Data:
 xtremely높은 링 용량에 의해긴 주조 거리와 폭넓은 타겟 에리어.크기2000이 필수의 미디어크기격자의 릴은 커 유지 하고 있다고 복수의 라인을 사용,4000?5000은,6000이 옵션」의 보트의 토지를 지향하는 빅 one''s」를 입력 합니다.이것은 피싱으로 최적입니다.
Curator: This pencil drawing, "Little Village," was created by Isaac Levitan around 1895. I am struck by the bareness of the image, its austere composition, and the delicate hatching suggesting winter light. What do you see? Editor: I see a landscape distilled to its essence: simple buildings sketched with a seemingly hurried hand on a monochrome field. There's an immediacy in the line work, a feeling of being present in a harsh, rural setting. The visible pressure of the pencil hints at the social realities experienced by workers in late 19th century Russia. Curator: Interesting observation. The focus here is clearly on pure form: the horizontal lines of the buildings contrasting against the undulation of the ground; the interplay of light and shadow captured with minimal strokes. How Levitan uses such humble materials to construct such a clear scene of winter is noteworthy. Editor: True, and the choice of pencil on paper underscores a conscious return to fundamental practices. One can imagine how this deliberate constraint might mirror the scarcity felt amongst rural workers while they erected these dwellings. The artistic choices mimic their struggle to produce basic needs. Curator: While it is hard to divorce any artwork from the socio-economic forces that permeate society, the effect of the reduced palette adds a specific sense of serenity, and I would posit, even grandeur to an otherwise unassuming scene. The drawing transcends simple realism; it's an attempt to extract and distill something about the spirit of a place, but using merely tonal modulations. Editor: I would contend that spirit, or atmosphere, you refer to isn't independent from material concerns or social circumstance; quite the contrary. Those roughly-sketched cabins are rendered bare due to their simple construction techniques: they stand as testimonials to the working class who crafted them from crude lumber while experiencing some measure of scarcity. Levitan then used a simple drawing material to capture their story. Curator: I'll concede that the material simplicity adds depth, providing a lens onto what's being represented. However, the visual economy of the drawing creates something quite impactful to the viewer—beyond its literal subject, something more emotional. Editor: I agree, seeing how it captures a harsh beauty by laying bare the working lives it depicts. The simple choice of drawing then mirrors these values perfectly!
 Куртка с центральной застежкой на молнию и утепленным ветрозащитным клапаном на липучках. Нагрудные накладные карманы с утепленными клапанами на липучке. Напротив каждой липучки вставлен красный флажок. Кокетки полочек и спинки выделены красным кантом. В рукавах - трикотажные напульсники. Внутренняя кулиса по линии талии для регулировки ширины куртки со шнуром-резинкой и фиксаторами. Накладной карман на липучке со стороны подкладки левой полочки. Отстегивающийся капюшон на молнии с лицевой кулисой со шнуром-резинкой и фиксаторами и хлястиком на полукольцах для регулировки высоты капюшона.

---

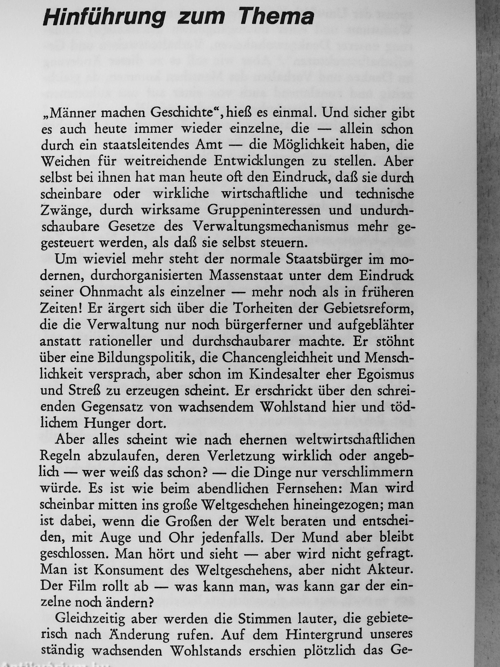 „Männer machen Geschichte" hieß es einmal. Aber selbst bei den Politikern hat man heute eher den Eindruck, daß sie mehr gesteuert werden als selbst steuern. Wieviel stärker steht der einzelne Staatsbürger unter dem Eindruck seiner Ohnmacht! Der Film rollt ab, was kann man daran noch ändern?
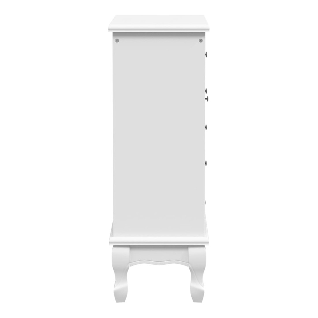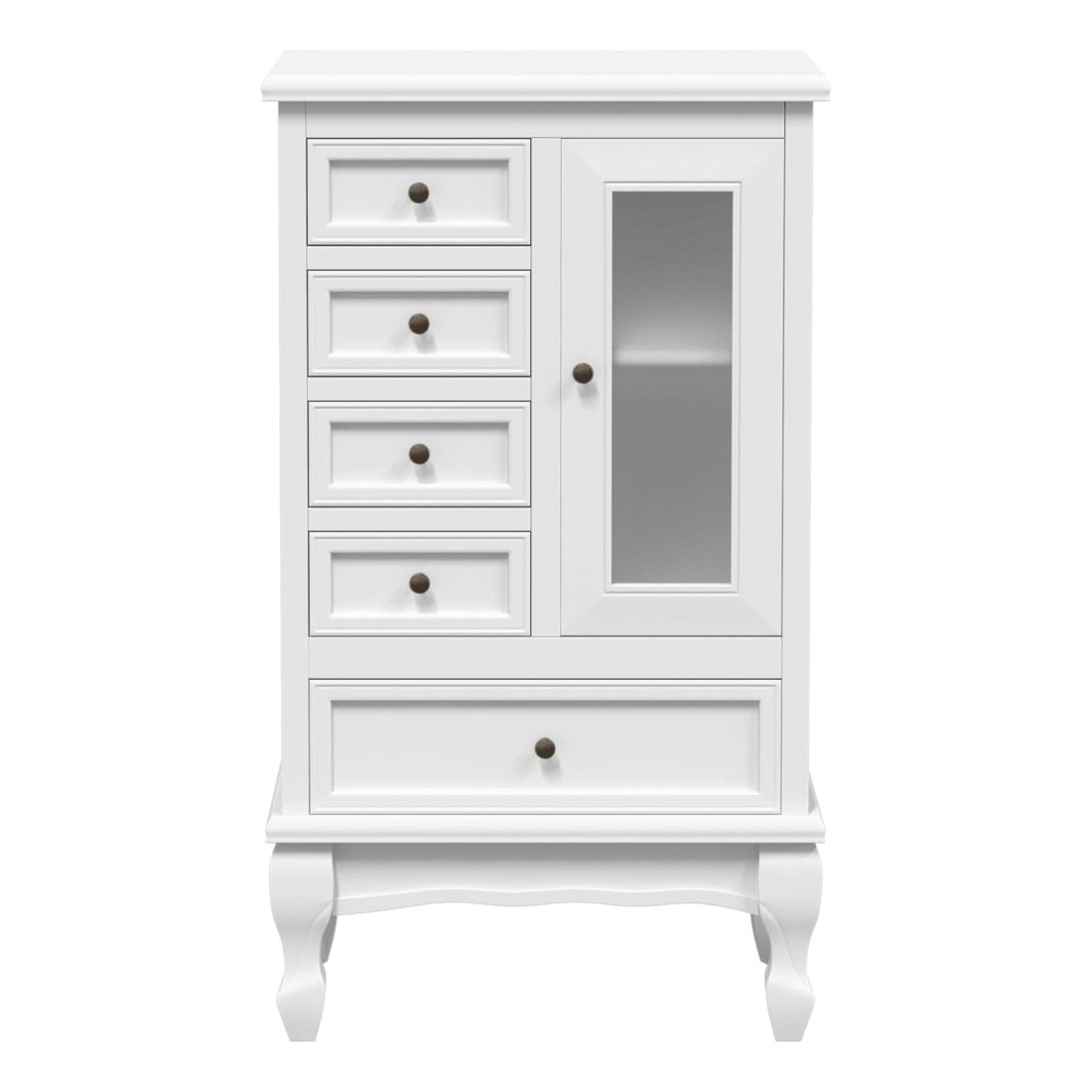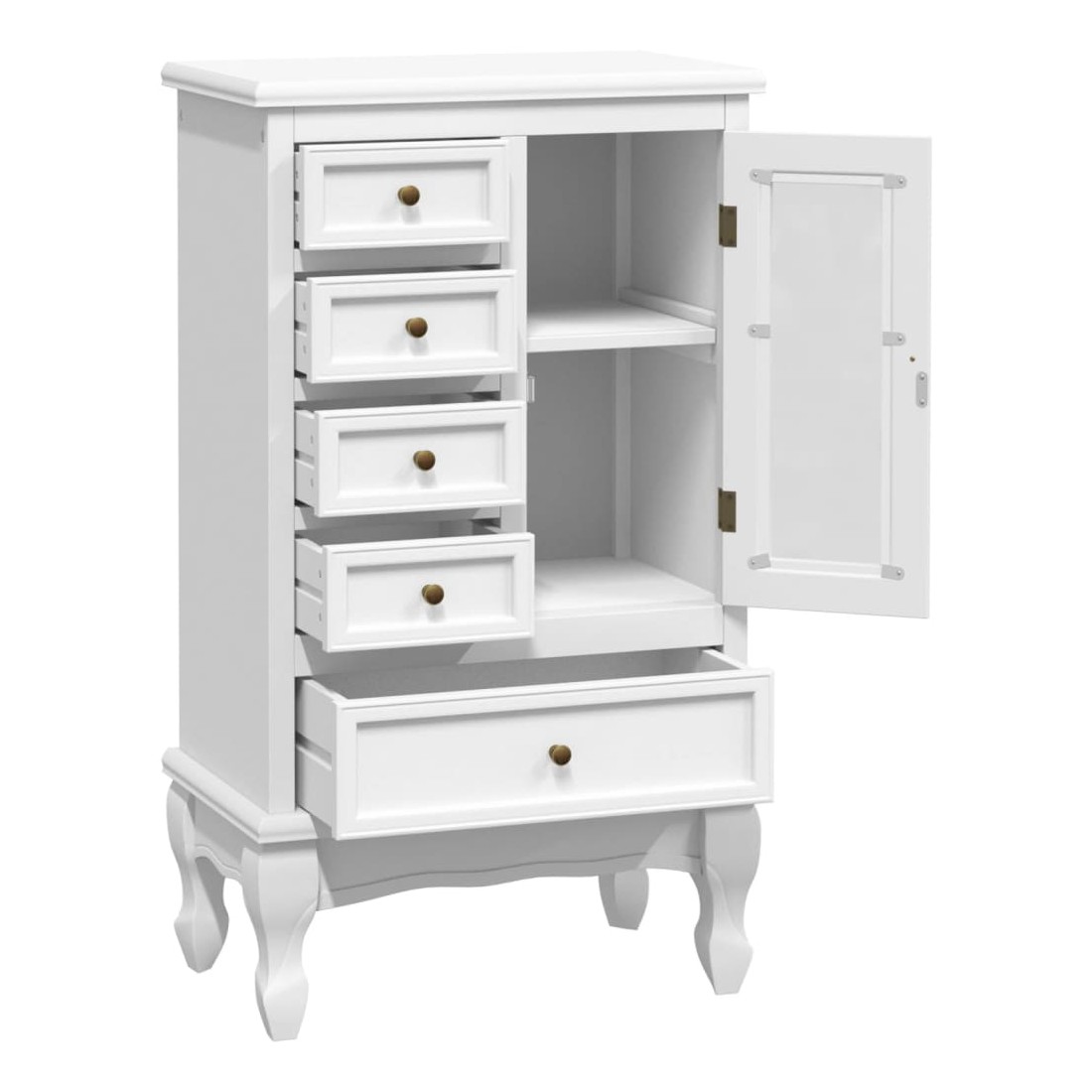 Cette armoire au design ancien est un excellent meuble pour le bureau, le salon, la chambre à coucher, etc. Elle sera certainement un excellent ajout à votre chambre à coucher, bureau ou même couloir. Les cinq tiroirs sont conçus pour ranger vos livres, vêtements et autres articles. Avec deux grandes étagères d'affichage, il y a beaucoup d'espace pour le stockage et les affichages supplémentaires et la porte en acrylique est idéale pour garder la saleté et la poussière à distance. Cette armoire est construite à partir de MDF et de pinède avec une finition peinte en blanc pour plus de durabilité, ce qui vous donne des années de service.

...

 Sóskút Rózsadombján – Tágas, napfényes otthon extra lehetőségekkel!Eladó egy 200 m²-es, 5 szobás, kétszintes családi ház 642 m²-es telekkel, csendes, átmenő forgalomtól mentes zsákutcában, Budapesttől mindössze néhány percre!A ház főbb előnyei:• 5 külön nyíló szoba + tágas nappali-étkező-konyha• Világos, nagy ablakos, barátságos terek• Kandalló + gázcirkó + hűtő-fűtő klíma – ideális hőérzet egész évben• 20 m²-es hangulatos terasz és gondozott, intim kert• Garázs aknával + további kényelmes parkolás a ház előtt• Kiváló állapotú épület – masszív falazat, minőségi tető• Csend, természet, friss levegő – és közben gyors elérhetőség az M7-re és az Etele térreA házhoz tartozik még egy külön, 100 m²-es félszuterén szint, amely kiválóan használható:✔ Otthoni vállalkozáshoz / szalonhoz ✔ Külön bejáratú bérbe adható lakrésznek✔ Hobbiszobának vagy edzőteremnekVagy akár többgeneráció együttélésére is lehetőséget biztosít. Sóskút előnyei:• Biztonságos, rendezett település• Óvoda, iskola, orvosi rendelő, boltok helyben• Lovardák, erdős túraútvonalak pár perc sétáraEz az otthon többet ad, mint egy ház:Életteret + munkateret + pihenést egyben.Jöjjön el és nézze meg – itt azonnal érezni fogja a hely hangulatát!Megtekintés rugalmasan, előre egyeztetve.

Your goal: Please repeat, exactly as written, the lines in the records above, starting with the one that has "daran noch ändern?" and going on through the one that has "Cette armoire au". Pictures are to be left out.

Answer to this task:
 „Männer machen Geschichte" hieß es einmal. Aber selbst bei den Politikern hat man heute eher den Eindruck, daß sie mehr gesteuert werden als selbst steuern. Wieviel stärker steht der einzelne Staatsbürger unter dem Eindruck seiner Ohnmacht! Der Film rollt ab, was kann man daran noch ändern?
 Cette armoire au design ancien est un excellent meuble pour le bureau, le salon, la chambre à coucher, etc. Elle sera certainement un excellent ajout à votre chambre à coucher, bureau ou même couloir. Les cinq tiroirs sont conçus pour ranger vos livres, vêtements et autres articles. Avec deux grandes étagères d'affichage, il y a beaucoup d'espace pour le stockage et les affichages supplémentaires et la porte en acrylique est idéale pour garder la saleté et la poussière à distance. Cette armoire est construite à partir de MDF et de pinède avec une finition peinte en blanc pour plus de durabilité, ce qui vous donne des années de service.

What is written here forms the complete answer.